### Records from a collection
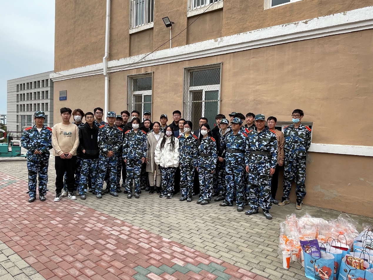 孙祥山对同学们表示亲切的慰问,在交流中谈到“首先对军训教官表示衷心的感谢,对参训同学奋发向上、刻苦拼搏的精神给予充分肯定,希望同学们继续发扬不怕苦、不怕累的精神,展现严谨认真的训练作风和积极向上的精神风貌,以更饱满的热情和更顽强的斗志投入到训练中,高质量完成各项军训任务。”高巍提到“军训是开学第一课,只有将基础打牢,才能拥有更饱满的热情,以更奋发的状态投入到新的学习旅途当中。新学期,新气象;新学期,新征程,希望各位同学切莫辜负美好青春年华,将自己塑造成有理想、有追求;肯吃苦、肯奋斗的优秀‘大海大’学子”。
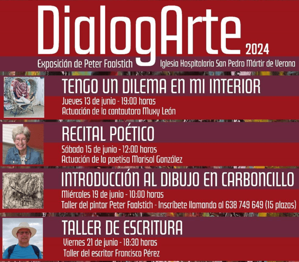 La iglesia de San Pedro Mártir celebrará, a partir de este jueves 13 de junio, una rica variedad de actividades multidisciplinares, paralelas a la exposición del pintor Peter Faalstich, DialogArte, que estará abierta al público hasta el próximo domingo 30 de junio -en horario de 10.30 a 13.00 y de 17.00 a 20.00 horas, de lunes a viernes, y los sábados de 10.30 a 13.30 horas-.
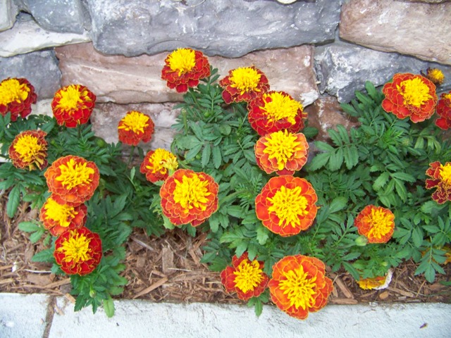 I took the opportunity, in the grey silence to plant the flat of marigolds I bought yesterday to make my front entryway more welcoming.
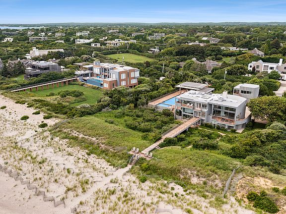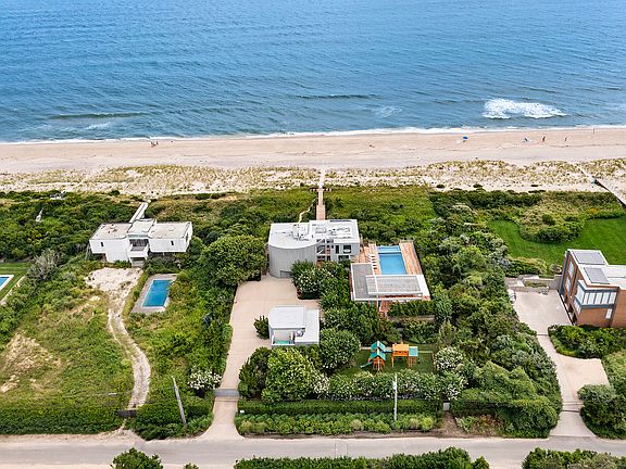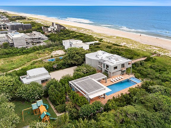feet of frontage. With naturally lit interiors, the residence affords ample living space including four ensuite bedrooms, each designed to maximize awe-inspiring water vistas. Presenting a truly unique oceanfront program, the exterior features an outdoor setup designed with entertaining in mind. Adjacent to the oversized waterside gunite pool and spa, an expansive outdoor kitchen area is equipped with two state-of-the-art grills, a gas pizza oven, and a refrigerator, while a private walkway offers direct access to the ocean beach. The main residence is accompanied by a three-car detached garage with gym and second-level studio, plus an additional one-car garage. Among the exterior amenities are two outdoor showers, a basketball hoop, and sprawling grounds with a separate area for the play-set and trampoline. Along with endless opportunities for recreation and relaxation, this oceanfront opportunity furnishes close proximity to Bridgehampton attractions and all the neighboring hamlets have to offer.
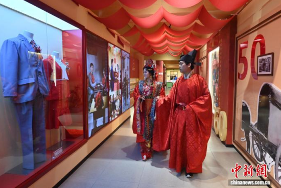 11月7日,偽滿皇宮博物院主辦的《天配良緣——近現(xiàn)代婚戀婚俗實(shí)物展》于長(zhǎng)春開幕。展覽通過(guò)婚書、嫁妝等300余件民間實(shí)物,帶領(lǐng)參觀者沉浸式感受不同年代的婚禮婚俗,F(xiàn)場(chǎng)通過(guò)漢服走秀、嗩吶演奏等演出,展現(xiàn)傳統(tǒng)婚儀魅力。中新社記者 張瑤 攝
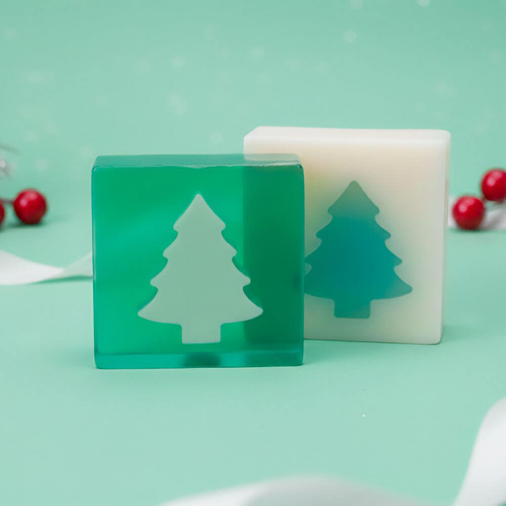 Les savons d’inclusion se caractérisent par l’intégration d’une figure décorative préalablement réalisée à l’intérieur. Dans ce cas, la forme de sapin de Noël apporte une finition attrayante et différenciante, idéale pour les cadeaux, les détails spéciaux ou les productions artisanales.
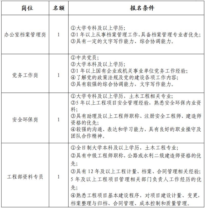 雅安交建集團(tuán)資產(chǎn)經(jīng)營(yíng)管理有限公司是雅安市重點(diǎn)國(guó)有企業(yè)雅安市交建集團(tuán)下屬子公司,主要從事企業(yè)資產(chǎn)經(jīng)營(yíng)管理;項(xiàng)目投資;土地整理等業(yè)務(wù)。根據(jù)公司發(fā)展需要,決定面向社會(huì)公開(kāi)招聘4名工作人員,現(xiàn)將有關(guān)事項(xiàng)公告如下:
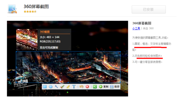 3、接下来进入到小工具界面,在这里我们根据提示找到“360屏幕截图”然后选择【安装】按钮即可自动安装。如不太了解该工具,你可点进“360屏幕截图”选择性阅读文字介绍。
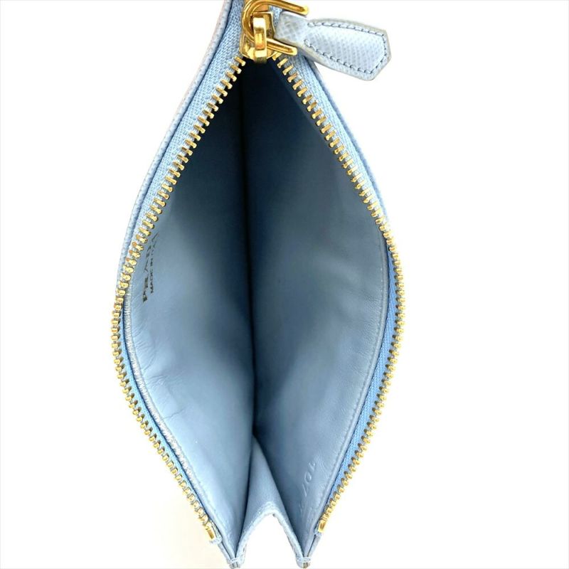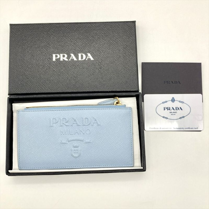 プラダ PRADA エンボスロゴ フラグメントケース カードケース サフィアーノ 1MC079 ブルー セレステ ユニセックス【中古】

### What is being asked
Leave out the pictures. Transcribe only the lines above, from the first through the one that contains "I took the opportunity, in".

### Answer area
 孙祥山对同学们表示亲切的慰问,在交流中谈到“首先对军训教官表示衷心的感谢,对参训同学奋发向上、刻苦拼搏的精神给予充分肯定,希望同学们继续发扬不怕苦、不怕累的精神,展现严谨认真的训练作风和积极向上的精神风貌,以更饱满的热情和更顽强的斗志投入到训练中,高质量完成各项军训任务。”高巍提到“军训是开学第一课,只有将基础打牢,才能拥有更饱满的热情,以更奋发的状态投入到新的学习旅途当中。新学期,新气象;新学期,新征程,希望各位同学切莫辜负美好青春年华,将自己塑造成有理想、有追求;肯吃苦、肯奋斗的优秀‘大海大’学子”。
 La iglesia de San Pedro Mártir celebrará, a partir de este jueves 13 de junio, una rica variedad de actividades multidisciplinares, paralelas a la exposición del pintor Peter Faalstich, DialogArte, que estará abierta al público hasta el próximo domingo 30 de junio -en horario de 10.30 a 13.00 y de 17.00 a 20.00 horas, de lunes a viernes, y los sábados de 10.30 a 13.30 horas-.
 I took the opportunity, in the grey silence to plant the flat of marigolds I bought yesterday to make my front entryway more welcoming.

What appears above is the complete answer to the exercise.